Brenden Fritz, Austin Koontz and Xavier Scott were selected for an internship with the portable outdoor power equipment company, STIHL Inc., while fellow students Dulio Carrillo, Kyle Boardman and Zack Kopp were chosen to intern at IMS Gear, a company known for manufacturing gears for major automobile companies internationally.
“These on-site experiences provide the students with real-world opportunities to apply the skills we cover in class and learn new skills from professionals in the industry,” said Dr. James Barger, engineering technology instructor at ATC. “The entire experience lasts two days a week for a total of eight weeks, ending the week leading up to spring break.”
The students were required to fill out an application, show their professional resume and current high school transcripts, provide a writing sample and be interviewed by company employees.
Coming from a family of engineers, Koontz was glad to continue the tradition.

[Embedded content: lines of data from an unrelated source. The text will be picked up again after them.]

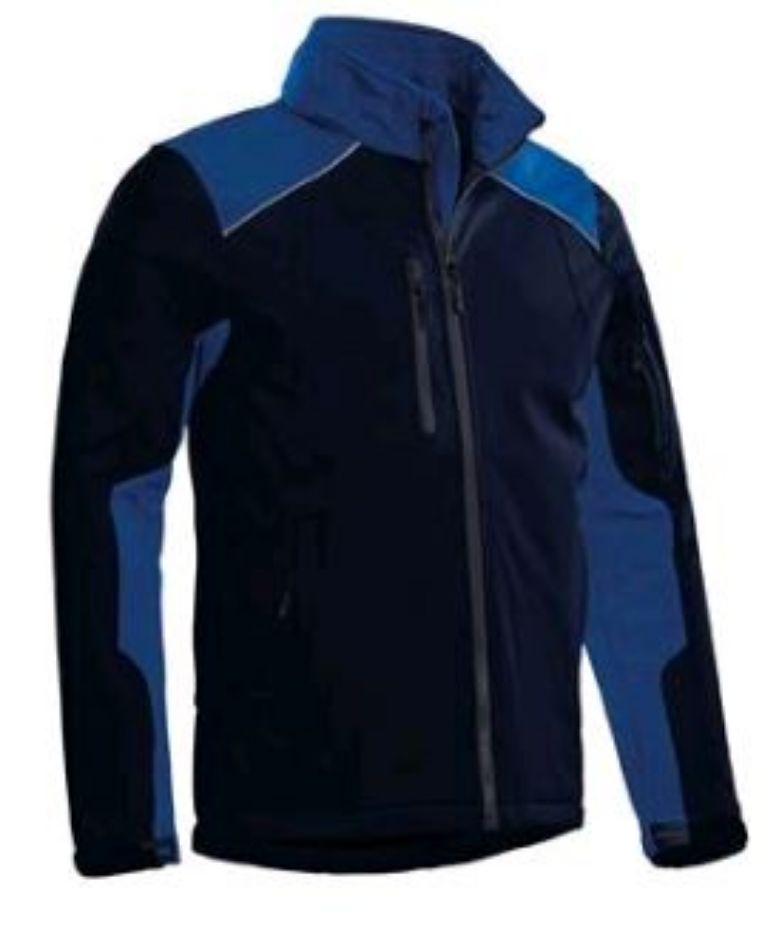 Jack uit de 2Color-line - 3 laags Dryprotex® Softshell; winddicht, waterdicht en ‘ademend’, zwarte microfleece voering, schouderstuk in contrastkleur, op achterzijde kenmerkende "2Color Curve", zwarte fleece voering, twee met rits afsluitbare steekzakken, afsluitbaar zakje op de linkermouw,
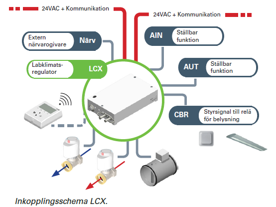 LCX är avsedd för behovsstyrning av rumsklimat i laboratorier. Rumsklimatet styrs med utgångspunkt från en aktiv frånluftsreglering som balanseras upp av undertempererad tilluft. Regulatorn ingår i rumsklimatstyrning DCV-LC. Regulatorn stödjer ett antal funktioner: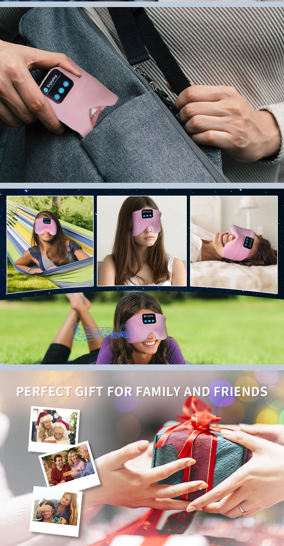 bluetooth earphones: The Bluetooth Eye Mask adjustable and fits most of people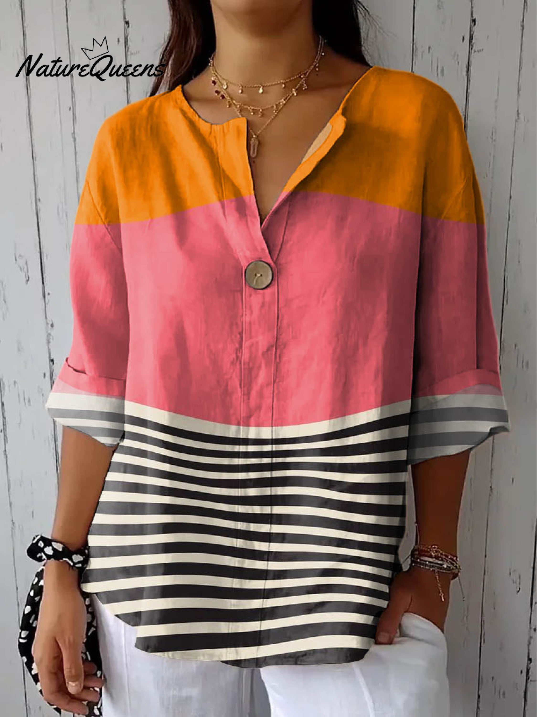 Women's Abstract Line Pattern Art Print Casual Cotton Linen Shirt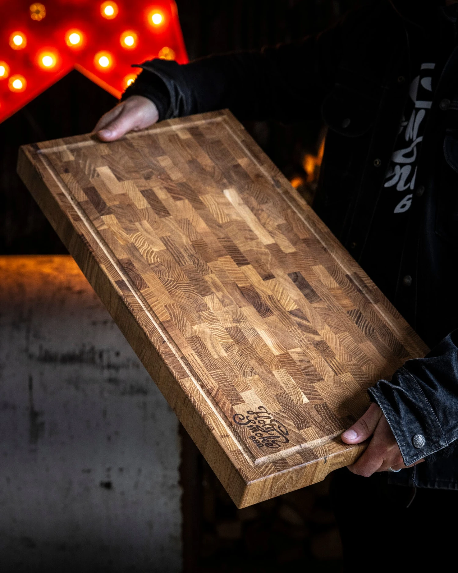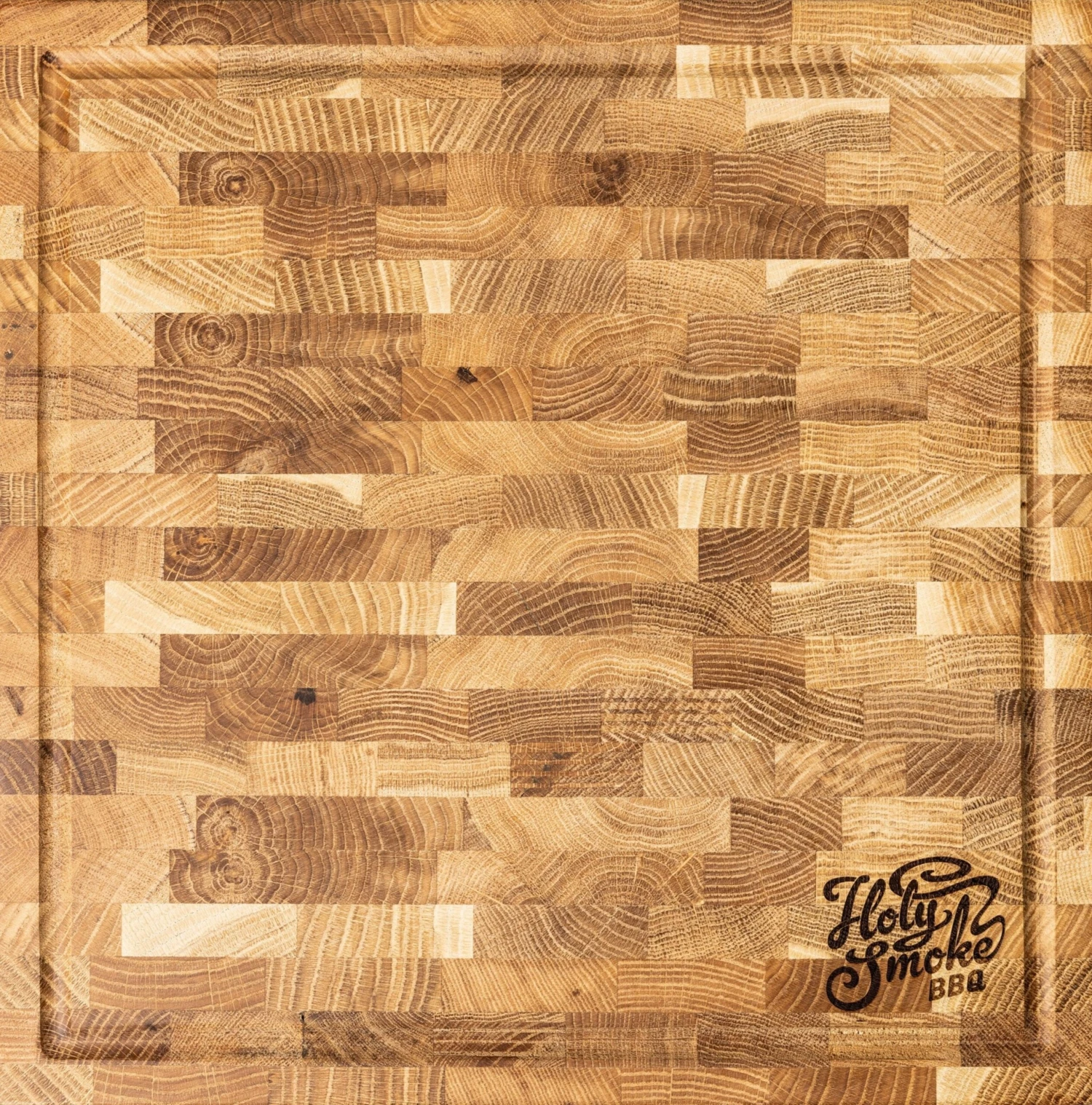I Butcher Block Holy Smoke BBQ sono realizzati con la tecnica End Grain, che crea una superficie di taglio a scacchiera con una durevolezza di livello professionale. Apprezzati da professionisti, chef e amanti del BBQ!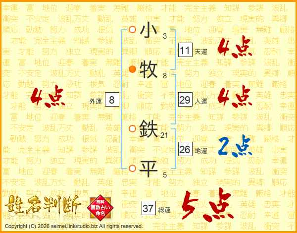 小牧鉄平さんの総運は37画の5点!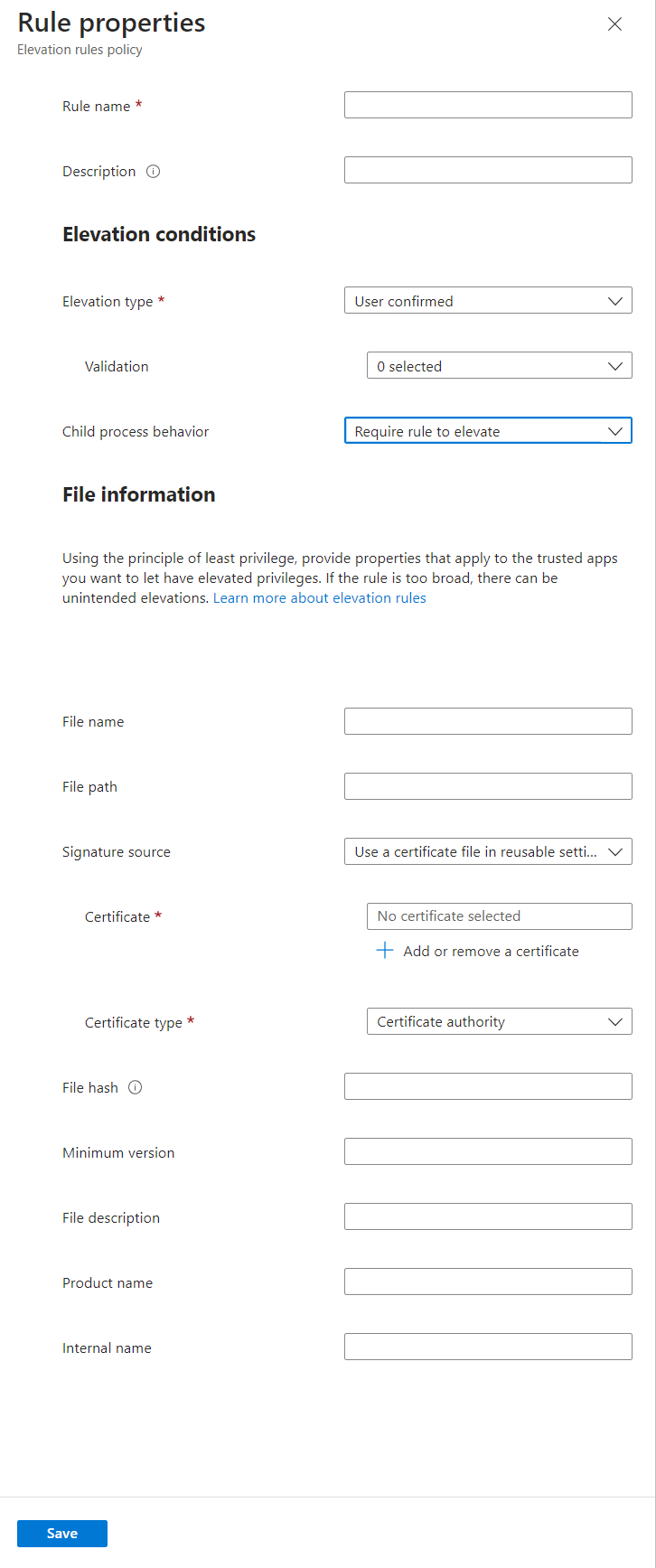 On Configuration settings, add a rule for each file that this policy manages. When you create a new policy, the policy starts includes a blank rule with an elevation type of User confirmed and no rule name. Start by configuring this rule, and later you can select Add to add more rules to this policy. Each new rule you add has an elevation type of User confirmed, which can be changed when you configure the rule.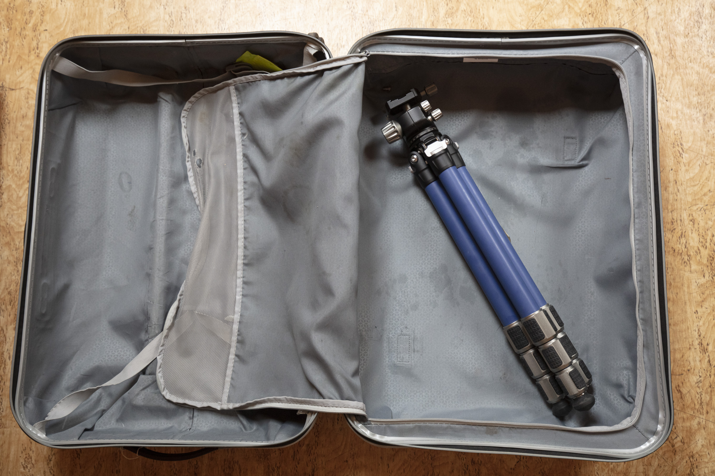 Se stativy jako spoluzavazadly do letadla mohou být potíže. Při letu do Indie jsem měl Poseidon 284C i s nasazenou hlavou ve svém středně velkém skořepinovém kufru. U větších stativů musím sundat hlavu. Leofoto Poseidon 324C má skladovací délku 58cm. Kulovou hlavu LH-40 jsem sundat nemusel. Pro cestovní stativ je skladnost důležitá.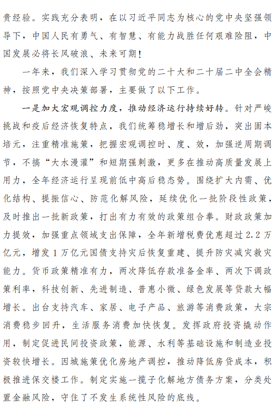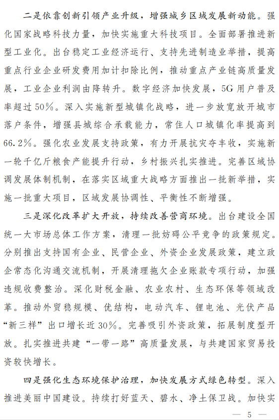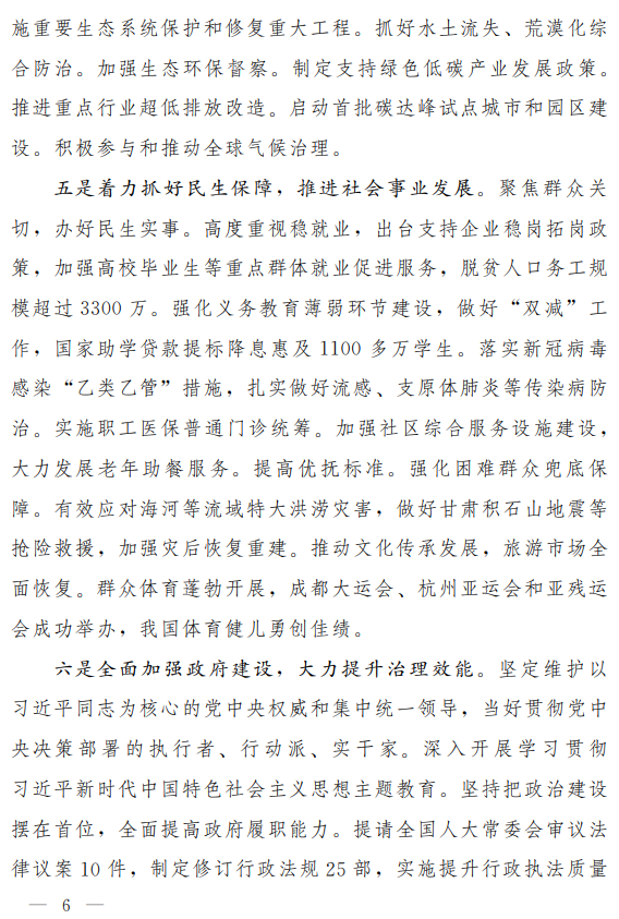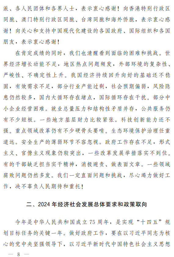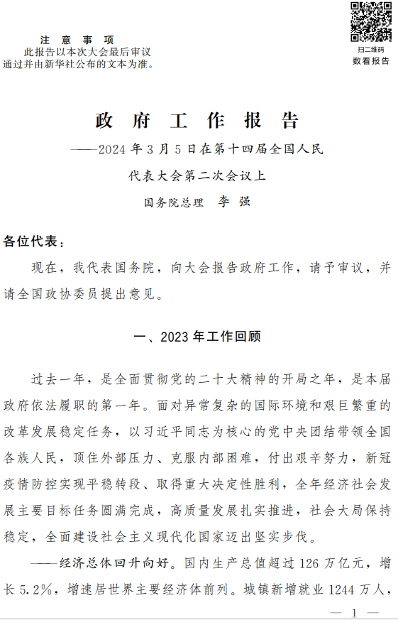 2024年3月5日,在第十四届全国人民代表大会第二次会议上,国务院总理李强发布政府工作报告,其中提到:

“Growing up my dad was an engineer, so I’ve always been more interested in working with my hands. Instead of reading about it in a book, I’d rather physically do the work. Internships like this allow a hands-on experience in the workplace to see if it’s really for you,” he explained. “It’s hard to think about a job field if you haven’t experienced it before.”
For senior Carrillo, this opportunity fit well into his academic and career plan.
“Since I’m graduating this year, I was really interested in participating in an internship where I could possibly work after finishing school,” he said. “I plan to apply for the apprenticeship program with IMS Gear. I can really see myself at IMS and looking forward to continuing my work there.”
Of the two IMS mentors the interns shadowed, one was a fellow VBCPS and ATC graduate.
“Knowing that he was in the same place I am right now feels good,” said Carrillo. “Maybe this time next year I’ll be the one mentoring ATC interns.”
Barger hopes that students gain a connection between what they are learning from the curriculum and the actual experiences in the workforce. “This program is an opportunity for our students to experience what it will be like to be on the job in a field that they have interest in.”
Scott said his time at STIHL has done just that. “This internship showed me how different the workplace is from school. It’s very different. What I like most is getting to ask questions from someone in the field you are interested in – on the spot. Asking the people on the line about their experiences help me figure out what I wanted to do in regards to college and what branch of engineering I want to do.”
Scott and Fritz have been shadowing STIHL maintenance technicians learning about electrical and mechanical engineering.
“I’m so happy to have this opportunity,” expressed Fritz. “Since I’m still in the year one [engineering technology] class, I’m still learning what branch of engineering I would like to get into. So, with this internship, I thought it would be a great way to experience different areas.”
In previous years, only second-year ATC engineering students were invited to apply for internships. This year, Barger welcomed first-year students to apply as well.
“After meeting with and discussing the internship program with both STIHL and IMS Gear, both felt that juniors and seniors could benefit from the internship experience at their company,” Barger said.
Both STIHL and IMS Gear have offered internship spots for VBCPS students for the past several years. According to Barger, all of ATC’s courses have industry partners that provide various levels of support to the classroom.